Nov. 28 (Bloomberg) -- U.S. stock futures fell, indicating the Standard & Poor’s 500 Index may trim its biggest weekly gain since 1974, as lower oil dragged down energy producers.

Exxon Mobil Corp. lost almost 1 percent in Germany as crude slid on speculation a potential OPEC production cut may fail to outweigh declining fuel demand. Wal-Mart Stores Inc. declined 1 percent as U.S. retailers discounted merchandise as much as 70 percent to counter what may be the weakest holiday shopping season in six years.

The S&P 500 surged 11 percent this week as the Federal Reserve committed as much as $800 billion to help resuscitate lending markets and investors speculated President-elect Barack Obama’s economic team will bolster growth. The index has still tumbled 43 percent from its October 2007 record as credit- related losses and writedowns at global financial companies approach $1 trillion. Exchanges were shut yesterday for the Thanksgiving holiday.

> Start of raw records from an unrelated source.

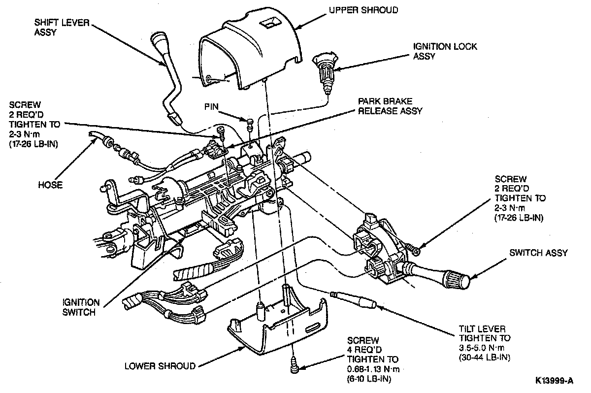 4. Install upper and lower steering column trim shroud with three screws.
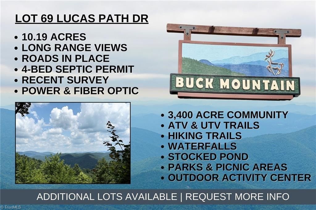 10+ Acres w/BIG VIEWS! Lot is ready for your mtn home! ELECTRIC + FIBER OPTIC already on lot. RECENT SURVEY 10/2/25. CURRENT 4-bedroom septic permit valid through Sept. 2032, driveway in place to prepared bldg site featuring LONG RANGE VIEWS, privacy & seclusion. CREEK on lot near bottom. Looking for a quiet mtn place to build a weekend getaway? Conveniently located in 3,400 acre Buck Mtn, ONLY GATED ATV COMMUNITY in Wilkes County. Long & short-term rentals allowed. PRIME LOCATION! Only 1 hr from Winston & 1 hr 40 min from Charlotte. Just minutes from High Country activities. Centrally located 35 min from Boone, West Jefferson & Wilkesboro. Near BLUE RIDGE PKWY, ASU, shopping, dining, golf, wineries, breweries, mtn biking & skiing. BUCK MTN AMENITIES: ATV & Hiking Trails, Parks, Fishing Pond, Water Falls, Pavilions, Community Center, Helipad, Outdoor Activity Center w/amphitheater for live music. 1,400 SF min to build. NO TINY HOMES. NO MOBILE HOMES. NO CAMPING. NO SELLER FINANCING.
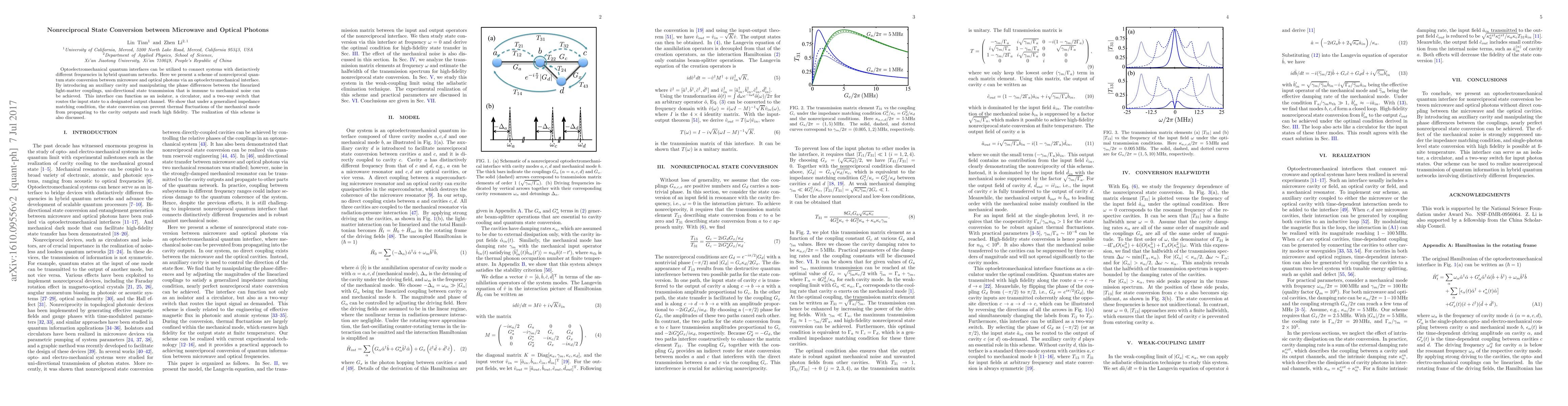 This paper proposes a nonreciprocal quantum interface for converting microwave photons to optical photons and vice versa using an optomechanical system. The scheme achieves unidirectional state transmission and operates as an isolator, circulator, and switch, demonstrating high fidelity and robustness against thermal fluctuations.
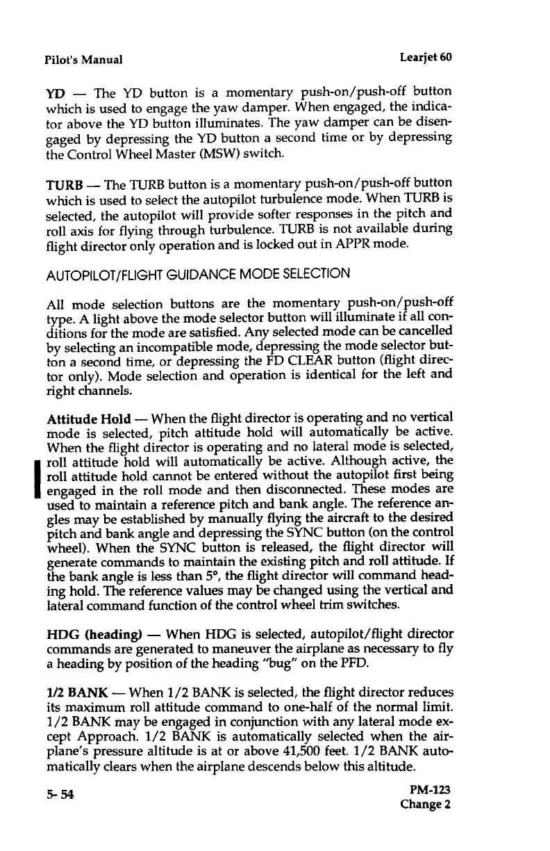 Learjet 60 - Autopilot;Flight Guidance Mode Selection
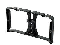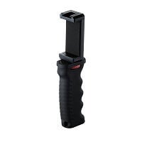 カメラやライト、マイクなどの撮影機材をカスタマイズして装着できる、動画撮影用スマートフォンホルダーです。両手でしっかりと持てるので安定性が高く、動きながらの撮影に最適です。ホルダー上部には、撮影に必要な機器が複数取り付けられるように、センターにアクセサリーシュー、左右に1/4インチネジ穴(計2カ所)を装備しています。
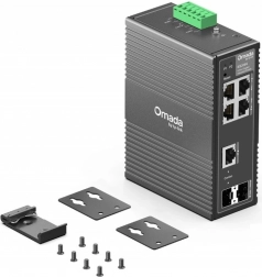 Průmyslový gigabitový přepínač OMADA IES206G nabízí 6 síťových portů (4x RJ45, 1x combo RJ45/SFP, 1x SFP), cloudové centrální řízení a robustní provedení IP40 pro spolehlivý provoz v náročných podmínkách. Podporuje VLAN, QoS, STP/RSTP, pracuje v teplotách -40 až 75 °C, má 6kV přepěťovou ochranu a redundantní napájení 1+1.

“After a lot of good days a backlash wouldn’t be surprising,” said Peter Braendle, who helps oversee $48 billion at Swisscanto Asset Management AG in Zurich. “The lower oil price is a relief for a lot of industries but there are also sectors that suffer.”

Futures on the S&P 500 expiring in December fell 0.5 percent to 882.7 at 10:15 a.m. in London. Dow Jones Industrial Average futures slid 0.3 percent to 8,675, while Nasdaq-100 Index futures lost 0.9 percent to 1,185. Trading on U.S. exchanges will end at 1 p.m. today.

Exxon, Oil

Exxon slid 0.8 percent to $80.22 in Germany. Crude oil for January delivery dropped 2.8 percent to $52.93 a barrel in New York. OPEC members may consider a reduction at their meeting this weekend in Cairo to stabilize the market, Shokri Ghanem, chairman of Libya’s National Oil Corp., said yesterday.

Concerns about oil consumption have increased after reports showed the U.S. economy slowed and consumer spending fell. Gasoline demand dropped 1.3 percent from last week, the Energy Department said in its weekly report.

Wal-Mart, the world’s largest retailer, lost 1 percent to $56.15. Individuals may spend an average of $616 on holiday gifts this year, down 29 percent from a year earlier, according to a Gallup Inc. poll. That raises the pressure on chains facing declining consumer confidence and the prospect of a recession.

Retailers promoted “doorbuster” deals to attract customers today, the day traditionally called “Black Friday.” The day after Thanksgiving is considered to be when retailers start to make their annual profit, having paid off their costs from sales earlier in the year.